First of all, here is what I'm trying to accomplish: We'd like to add the capability to our commercial application to generate a video file to visualize data. It should be saved in a reasonably compressed format. It is important that the encoding library/codecs are licensed such that we're allowed to use and sell our software without restriction. It's also important that the media format can easily be played by a customer, i.e. can be played by Windows Media Player without requiring a codec pack to be installed.
I'm trying to use DirectShow in c++ by creating a source filter with one output pin that generates the video. I'm closely following the DirectShow samples called Bouncing Ball and Push Source. In GraphEdit I can successfully connect to a video renderer and see the video play. I have also managed to connect to AVI Mux and then file writer to write an uncompressed AVI file. The only issue with this is the huge file size. However, I have not been able to save the video in a compressed format. This problem also happens with the Ball and Push Source samples.

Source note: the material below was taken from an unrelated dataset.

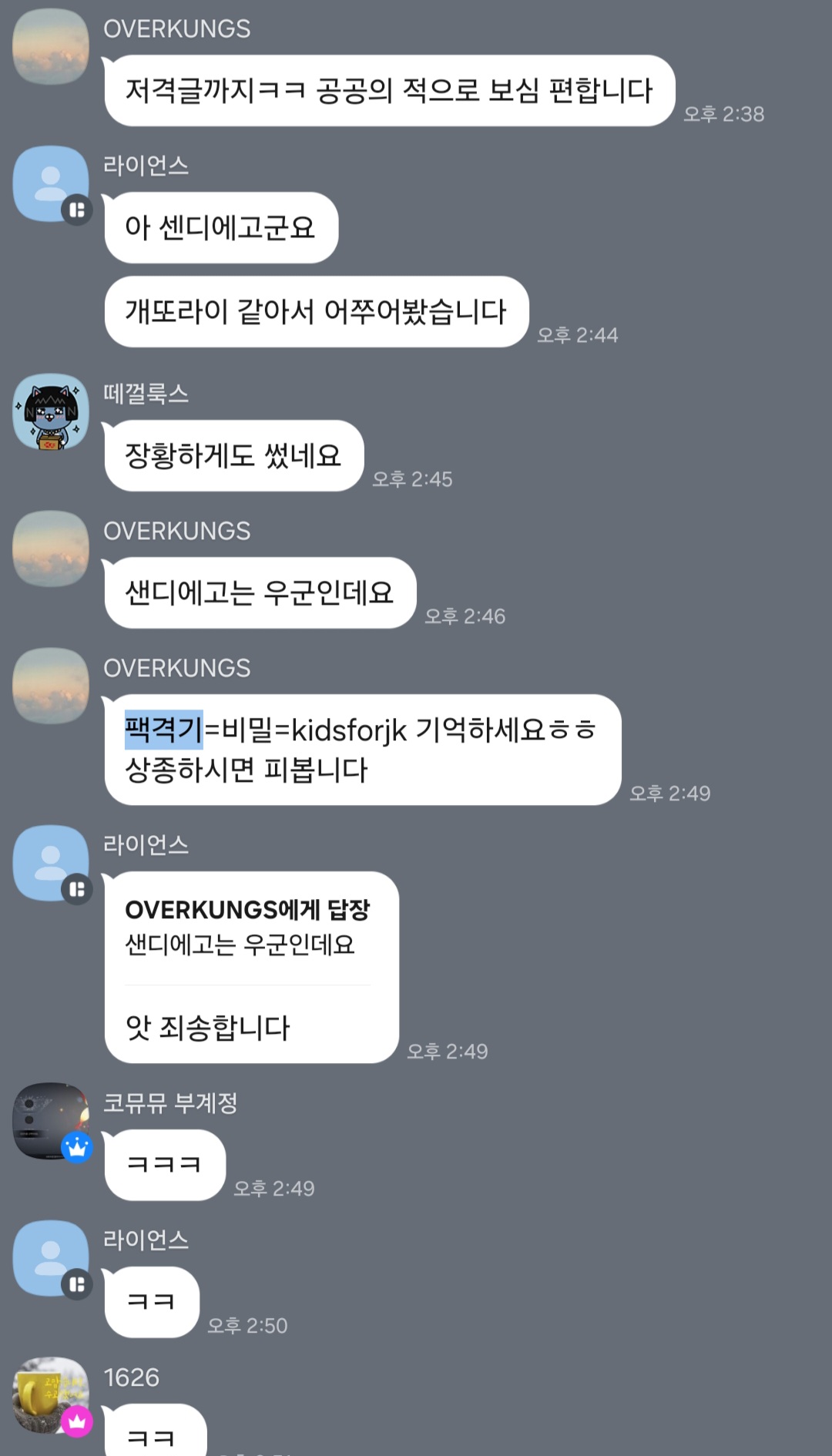 다름아닌 OVERKUNGS=Matryoshka와 이준혁 때문에 분쟁났을대 사과와 중재를 받은 대화내용 중 일부였조.

I can connect the output pin to a WM ASF Writer, but when I click play I get "This graph can't play. Unspecified error (Return code: 0x80004005)." I can't even figure out how to connect to the WMVideo9 Encoder DMO ("These filters cannot agree on a connection"). I could successfully save to mjpeg, but compression was not very substantial.
Please let me know if I'm doing something wrong in GraphEdit or if my source filter code needs to be modified. Alternatively, if there is another (non-DirectShow) option that would work for me I'm open to suggestions. Thanks.